What you will do: Write the listing below out again in full, dropping its pictures.

Data provided:
════════
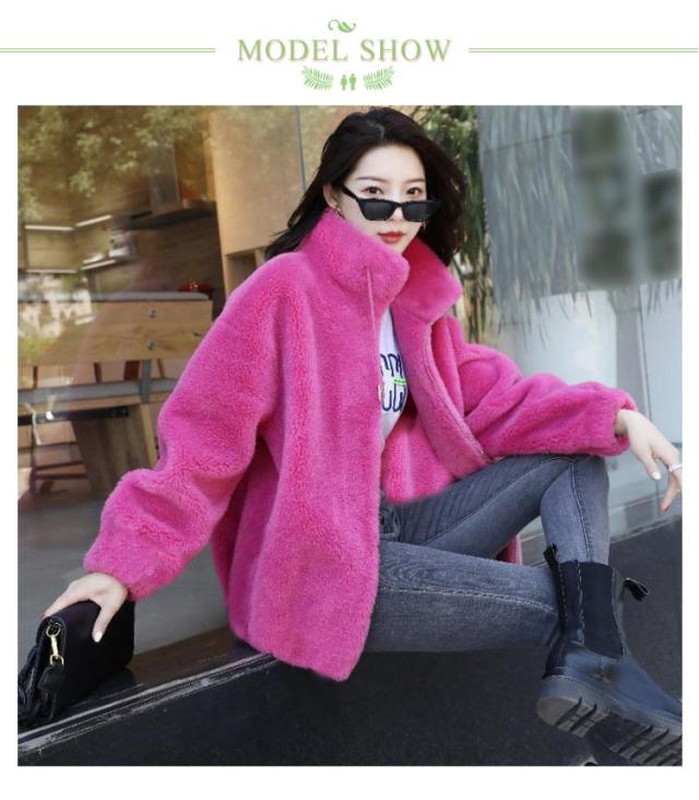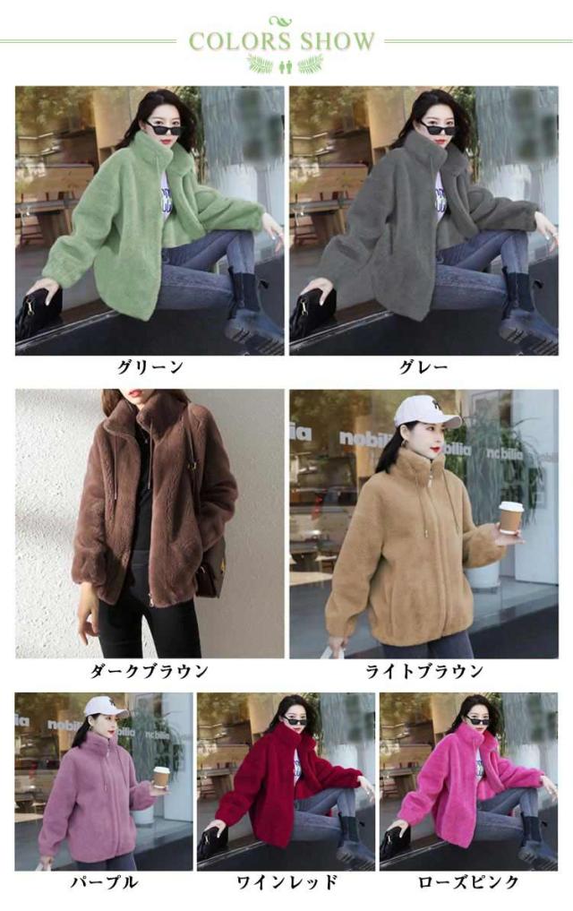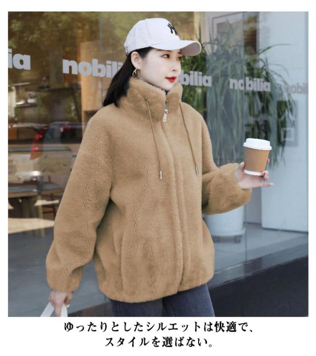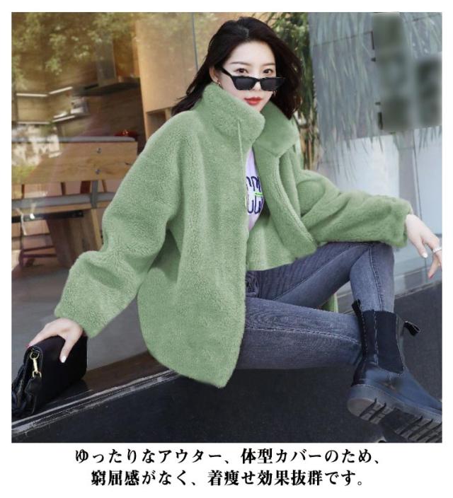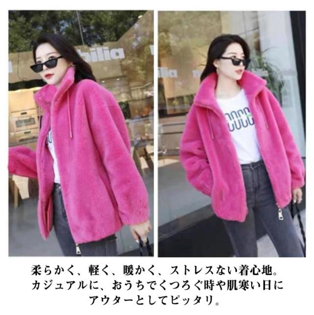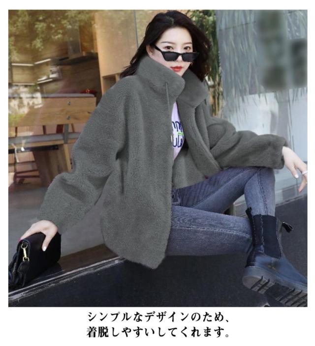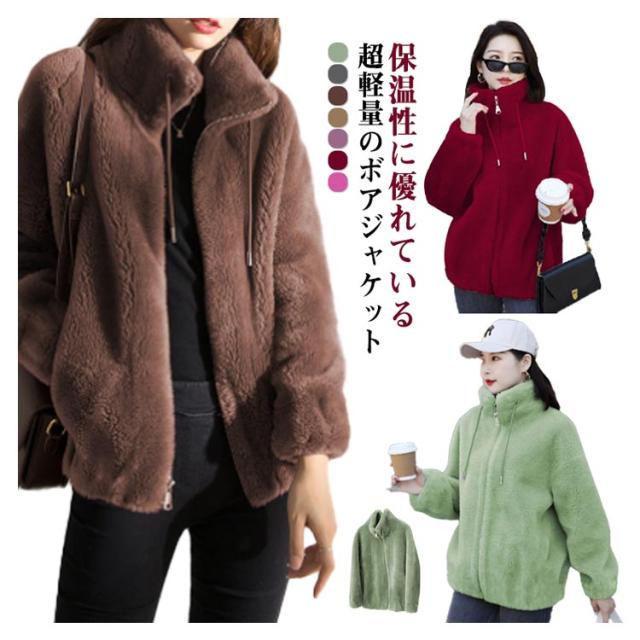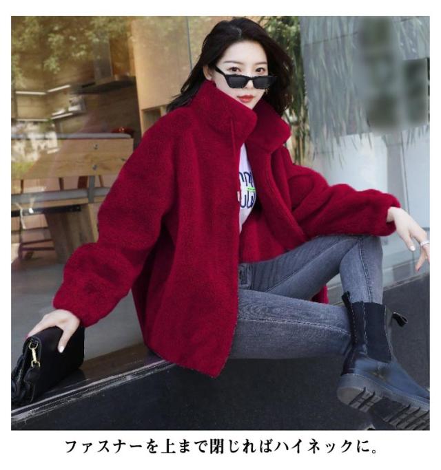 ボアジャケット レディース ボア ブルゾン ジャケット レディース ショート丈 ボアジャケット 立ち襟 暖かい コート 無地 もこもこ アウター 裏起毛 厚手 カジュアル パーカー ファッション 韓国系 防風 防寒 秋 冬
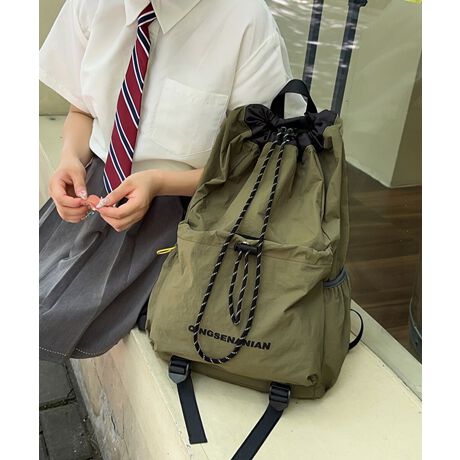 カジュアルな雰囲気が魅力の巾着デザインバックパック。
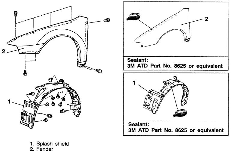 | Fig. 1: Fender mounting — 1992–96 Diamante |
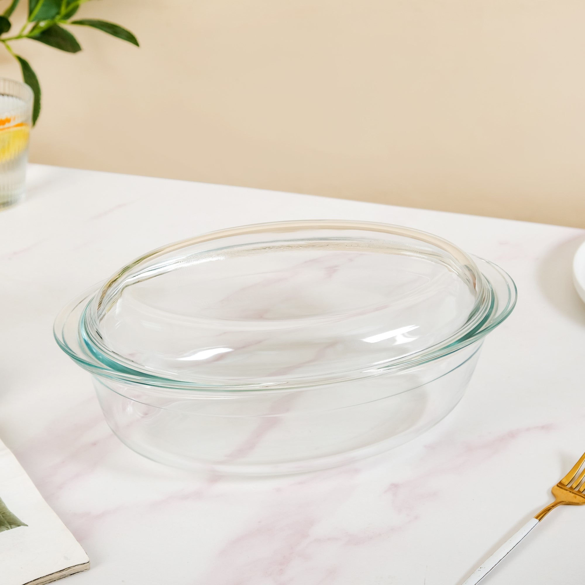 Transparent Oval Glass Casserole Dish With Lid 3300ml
════════
Output for this task:
 ボアジャケット レディース ボア ブルゾン ジャケット レディース ショート丈 ボアジャケット 立ち襟 暖かい コート 無地 もこもこ アウター 裏起毛 厚手 カジュアル パーカー ファッション 韓国系 防風 防寒 秋 冬
 カジュアルな雰囲気が魅力の巾着デザインバックパック。
 | Fig. 1: Fender mounting — 1992–96 Diamante |
 Transparent Oval Glass Casserole Dish With Lid 3300ml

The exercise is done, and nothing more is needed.